I just took a quick look at the read quality plot after importing, and R2 quality is rough!

I don't know of a perfect fix when the sequencing run itself went poorly. It may be easiest to also process this run with only R1.

You can always move on to the next step, like DADA2. Issues with read quality will appear here as reads that do not pass quality filter or reads that are not able to join. Because DADA2 does it's own quality control, you can try it and see how well it works! It will tell you tell you about the problems.

Maybe I will get some problems to merge during the dada2 step?

Probably... so try it and see for yourself!

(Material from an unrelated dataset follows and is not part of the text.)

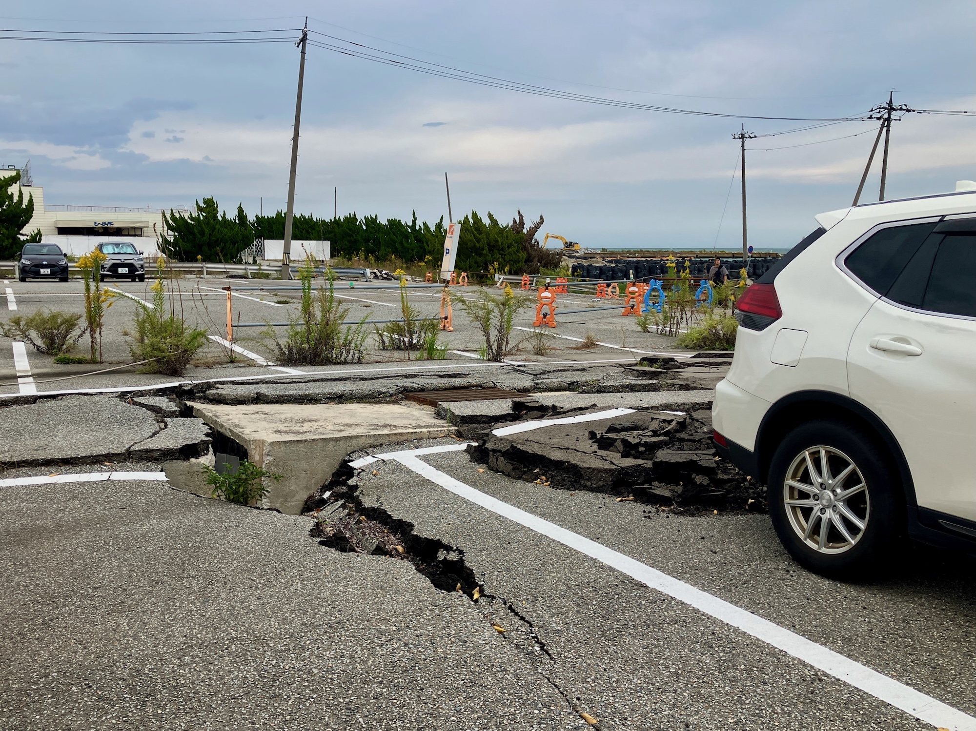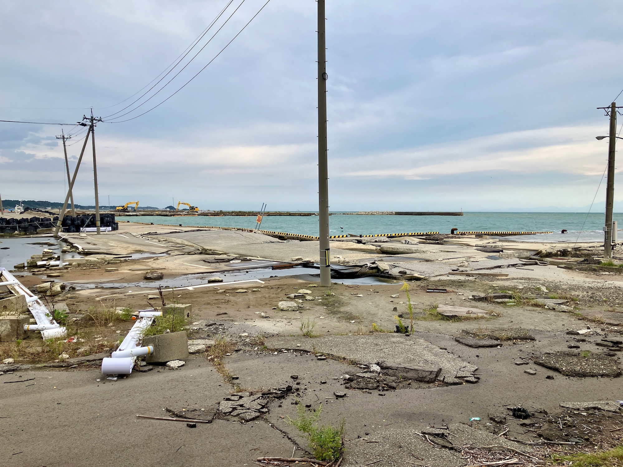 ラポルトすずに面した飯田港も地震と津波で防波堤が破壊されるなどの甚大な被害があった。この場所にはかつて「奥能登国際芸術祭」のインフォメーションセンターとしても活用された「さいはてのキャバレー」があったが、4m近い津波を受けて建物がダメージを受け、港の復旧工事のため公費解体された。ひび割れた地面や傾いた電柱、倒れたガードレールなど、震災から1年以上が経ってもなお、その爪痕が残っている。

Let us know what you try next!

2 Likes

Hi @colinbrislawn,

Thanks for your insigths! I just have tried some tests with dada2, three different tries:

Test 1: It gaves me the best of the percentage of input passed filter, although I'm not satisfied with the values, some samples were around 15-30%... And the highest around 60%.
denoising-stats.qzv (1.2 MB)

qiime dada2 denoise-paired \
  --i-demultiplexed-seqs trimmed-seq.qza \
  --p-trim-left-f 0 \
  --p-trim-left-r 0 \
  --p-trunc-len-f 0 \
  --p-trunc-len-r 173 \
  --o-table dada2_data/table-paired.qza \
  --o-representative-sequences dada2_data/rep-seqs-paired.qza \
  --o-denoising-stats dada2_data/denoising-stats.qza

Test 2: I've tried to improve truncating my forward reads a little bit, but it gaves me worst results.
denoising-stats_2.qzv (1.2 MB)

qiime dada2 denoise-paired \
  --i-demultiplexed-seqs trimmed-seq.qza \
  --p-trim-left-f 0 \
  --p-trim-left-r 0 \
  --p-trunc-len-f 245 \
  --p-trunc-len-r 173 \
  --o-table dada2_data/table-paired_2.qza \
  --o-representative-sequences dada2_data/rep-seqs-paired_2.qza \
  --o-denoising-stats dada2_data/denoising-stats_2.qza 

Test 3: Finally, at this test I've decreased the number of nt that I was truncating in my reverse reads, I had improved a bit my percentage of input passed filter compared with test 2, but are not good enough yet. However, it gaves me the best results for merge, that was with a lot of zeros in the other tests.
denoising-stats_3.qzv (1.2 MB)

qiime dada2 denoise-paired \
  --i-demultiplexed-seqs trimmed-seq.qza \
  --p-trim-left-f 0 \
  --p-trim-left-r 0 \
  --p-trunc-len-f 0 \
  --p-trunc-len-r 218 \
  --o-table dada2_data/table-paired_3.qza \
  --o-representative-sequences dada2_data/rep-seqs-paired_3.qza \
  --o-denoising-stats dada2_data/denoising-stats_3.qza

What are your thoughts about these signs? Are there any other suggestions for trying to proceed with the paired-end analysis?

1 Like

This is the key observation!

If you trim so the reads are very short, this will increase quality, but if it's too short then there is not enough overlap for the reads to merge.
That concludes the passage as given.